Let's play 10 games, and save the game play data to disk.

In [14]:
n_games_now = 10 # Set the number of games to be played now.
n_successful_games = 0
for game_idx in range(next_game_idx, next_game_idx + n_games_now):
    print(f"Game ID: {game_idx}")
    print("---")
    keyword = apple_things[game_idx] # Games are zero indexed.
    alts = apple_alts[game_idx] # Games are zero indexed.
    game = Game(game_play_data_file_path, game_idx, keyword, alts, openai_client)
    keyword, alts, round_of_correct_guess = game.play_game()
    print("Game completed!")
    print(f"Keyword: {keyword}")
    print(f"Alts: {alts}")
    print(f"Round of correct guess: {round_of_correct_guess}")
    game.save_game_data()
    if round_of_correct_guess != -1: # Successful game.
        n_successful_games += 1
    print("---\n---")
print(f"Done playing {n_games_now} games!")
print(f"Number of successful games: {n_successful_games}")
pct_successful_games = (n_successful_games / n_games_now) * 100
print(f"% of successful games: {round(pct_successful_games, 2)}")
print("---")

Game ID: 0
---
Current round: 1
Question: Is it man-made?
Answer: no
Guess: tree
---
Current round: 2
Question: Is it a living thing?
Answer: yes
Guess: animal
---
Current round: 3
Question: Is it an animal?
Answer: yes
Guess: dog
---
Current round: 4
Question: Is it a mammal?
Answer: yes
Guess: cat
---
Current round: 5
Question: Is it a domestic animal?
Answer: no
Guess: horse
---
Current round: 6
Question: Is it a wild animal?
Answer: yes
Guess: lion
---
Current round: 7
Question: Is it a carnivore?
Answer: no
Guess: elephant
---
Current round: 8
Question: Does it primarily live in the forest?
Answer: yes
Guess: tiger
---
Current round: 9
Question: Is it a primate?
Answer: yes
Guess: monkey
Correct guess!
---
Game completed!
Keyword: monkey
Alts: []
Round of correct guess: 9
Game data saved to disk.
---
---
Game ID: 1
---
Current round: 1
Question: Is it a living thing?
Answer: yes
Guess: animal
---
Current round: 2
Question: Is it an animal?
Answer: yes
Guess: dog
---
Current round:

## Conclusion

This notebook demonstrated how "20 questions" game play data can be generated by making a GPT-4o `Guesser` agent play with a GPT-4o `Answerer` agent.
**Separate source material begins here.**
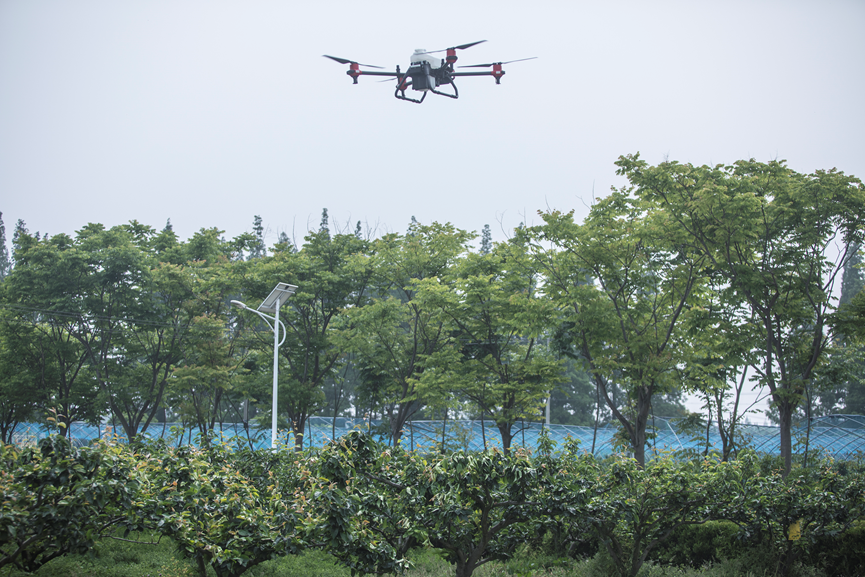 (上海首个盒马村,翠冠梨数字农业基地,无人机正在低空施药)

The above process was used to generate game play data for various sets of keywords. This resulted in the following dataset: https://www.kaggle.com/datasets/sambitmukherjee/gpt-4o-game-play-data-llm-20-questions

A dataset such as the above can be used to clone GPT-4o's behavior into any open weights instruction tuned LLM (such as `"Meta-Llama-3.1-8B-Instruct"`) by performing supervised fine-tuning.